Das Kind musste auf natürlichem Weg auf die Welt kommen, der einzige Unterschied war, das unser Kind nur ca. 200g statt >3000g groß war. Es wurden die Medikamente zur Geburtseinleitung verabreicht und es dauerte fast vier Tage bis unser Kind Tod geboren wurde. Das waren wohl die emotionalsten, intensivsten und anstrengendsten Tage an die ich mich erinnern kann.

Mittlerweile wissen wir, dass ein extrem seltener Chromosomdefekt bei unserem Kind vorlag. Wie wir nun wissen, ist es äußerst unwahrscheinlich, dass dieser Defekt bei einer weiteren Schwangerschaft erneut auftritt. Trotzdem werden unsere Chromosomen auf einen möglichen vererbbaren Defekt und deren Wahrscheinlichkeit hin untersucht. Das Ergebnis dürfen wir ins ca. 3 Monaten erwarten.

Familie und Freunde stehen uns bei. Eine psychologische Betreuung haben wir erstmal abgelehnt. Ich gehe wieder voll arbeite bin daher fast im Alltag angekommen. Meiner Frau geht das natürlich alles viel näher, immerhin hat Sie das Kind in ihrem Leib wachsen gespürt. Wir reden viel darüber und freuen uns auch erstmal jetzt auf unseren Urlaub der demnächst ansteht.

Die genetische Beratung die wir hatten brachte Trost und Mut zugleich. Trost, weil man uns erklärte, dass es leider einfach nur Pech war. Keiner von uns kann etwas dafür, wir hätten auch nichts ändern oder vermeiden können.
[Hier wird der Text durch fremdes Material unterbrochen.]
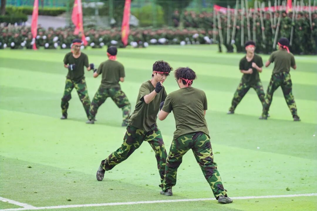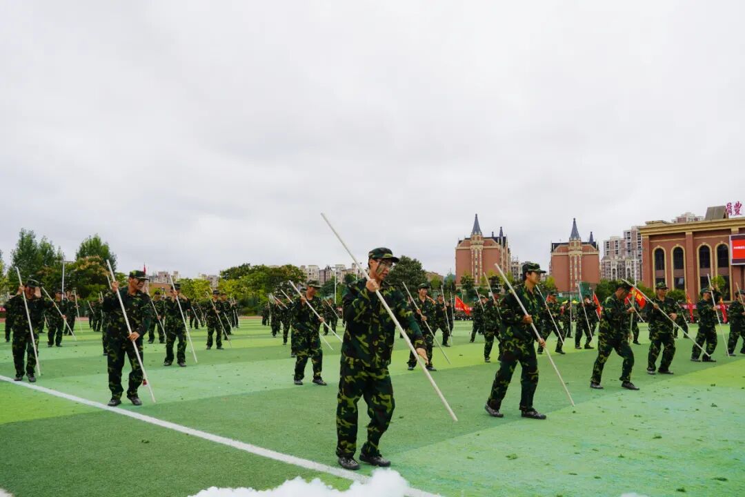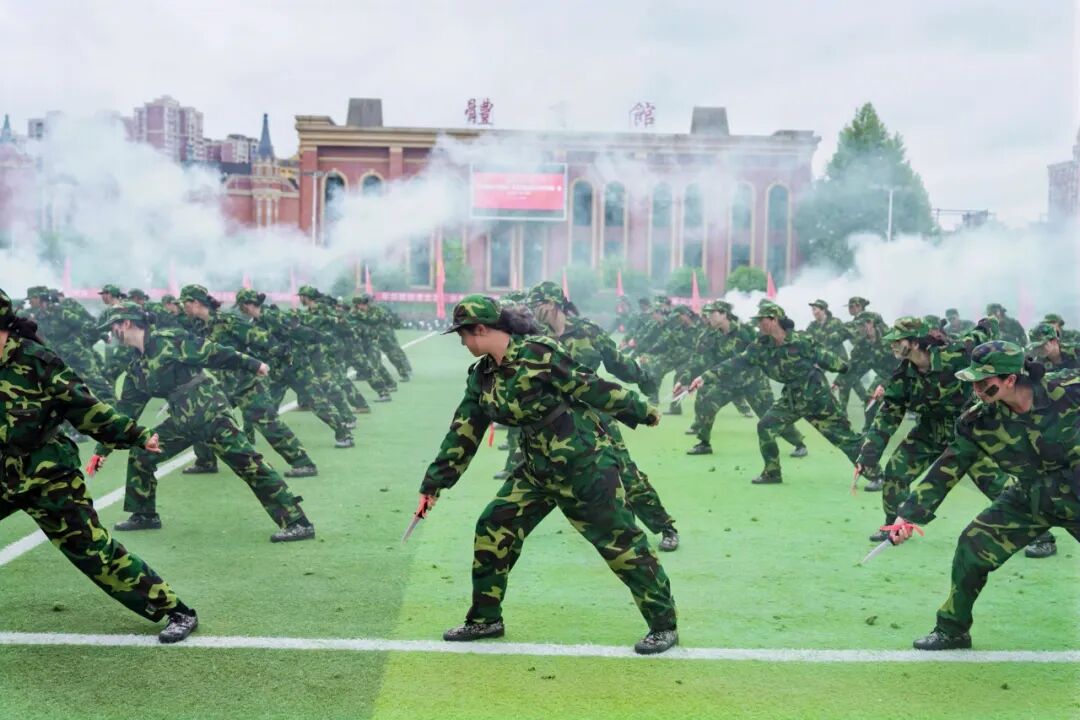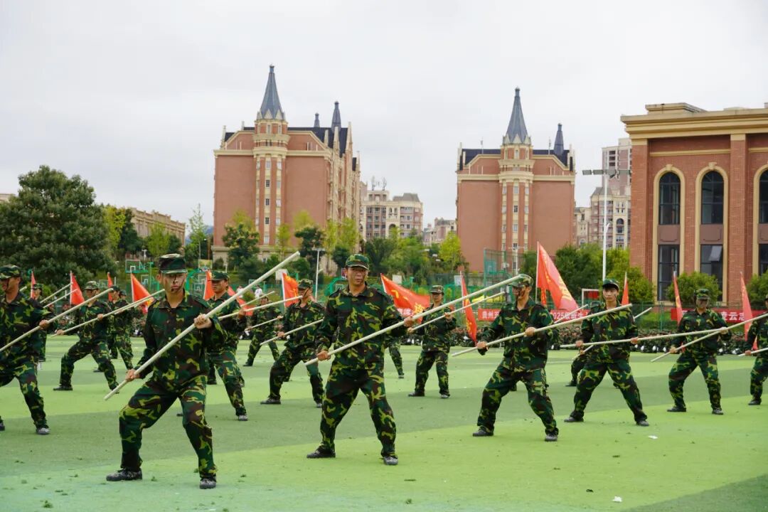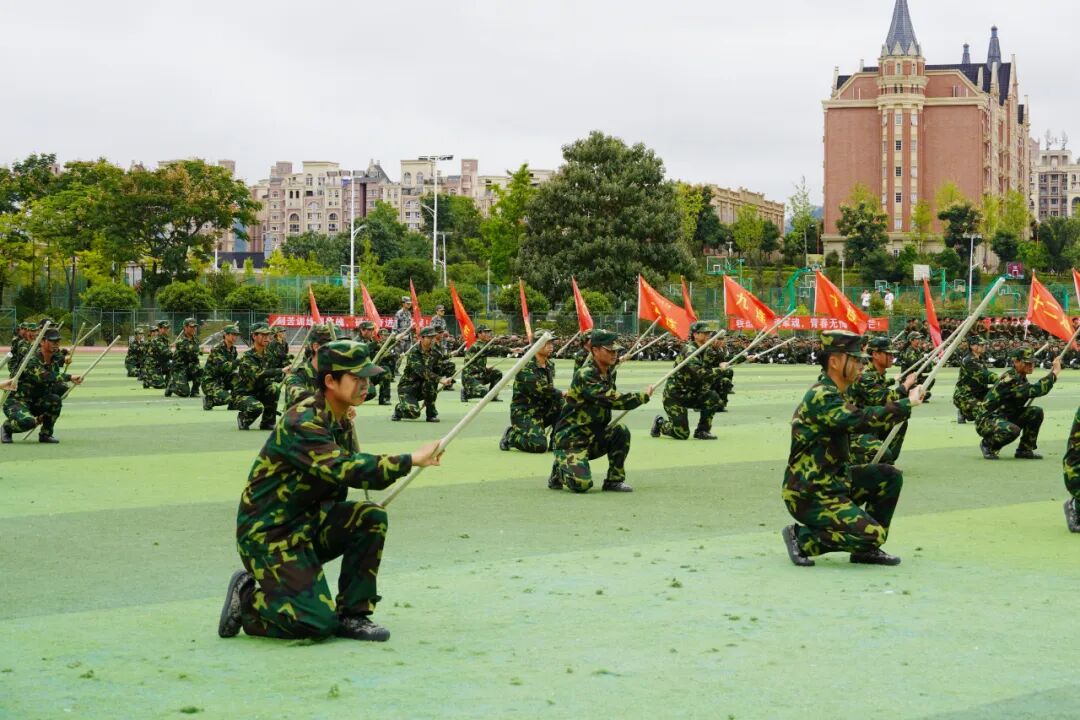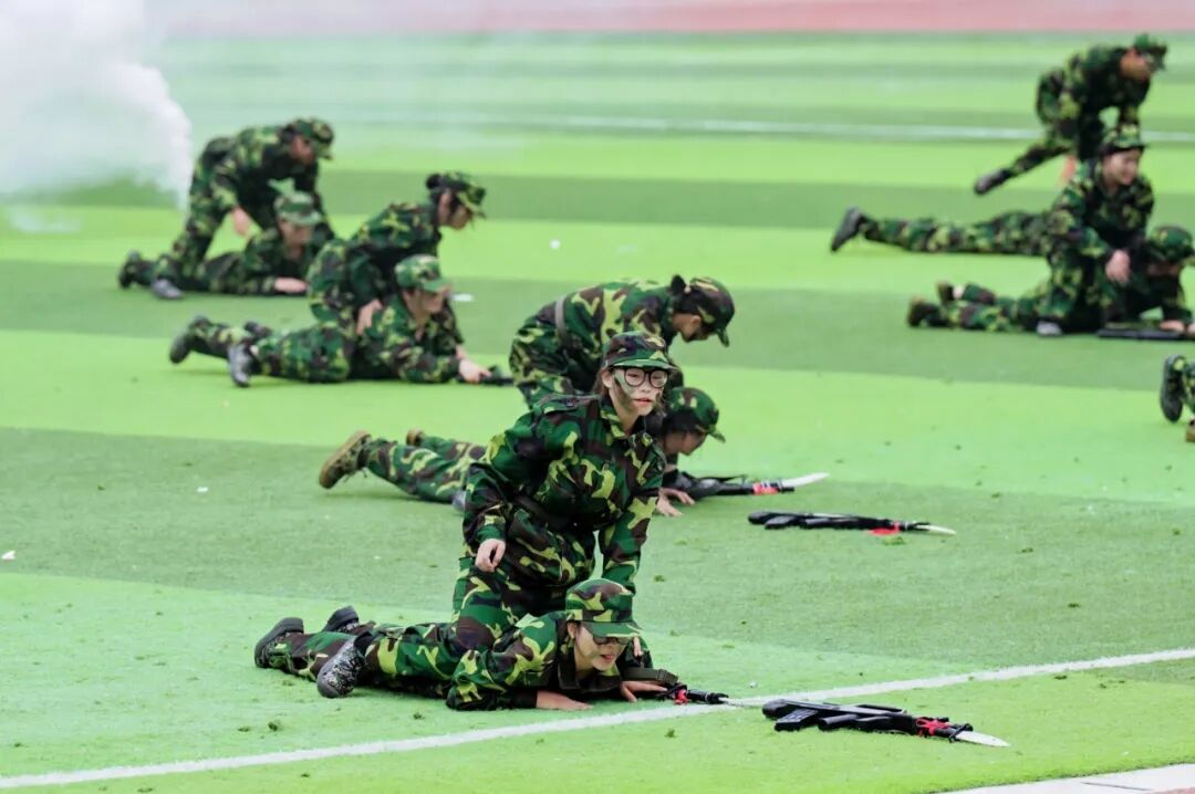昂首挺胸,气势如虹。此次新生军训汇报中,军训团28个连队进行了分列式、匕首操、军体拳、棍术、战术综合演练等军训成果展示。

Mut, weil dieser Defekt so unglaublich selten auftritt. Wir warten aber definitiv auf das Ergebnis unseres Chromosomen-Tests ab bevor wir eine weitere Schwangerschaft angehen.

Erstaunlich ist, wie oft andere Familien Fehlgeburten durchleben mussten bzw. wie oft so etwas vorkommt. Gerade in den letzten Tagen haben sich einige Freunde und Bekannte uns gegenüber geöffnet – wohl auch weil wir hier ganz offen damit umgehen bzw. auch umgehen mussten.

Auch wenn ich meistens hier nur mitlese und nur selten schreibe, tut es gut sich den ganzen Ballast mal von der Seele zu schreiben.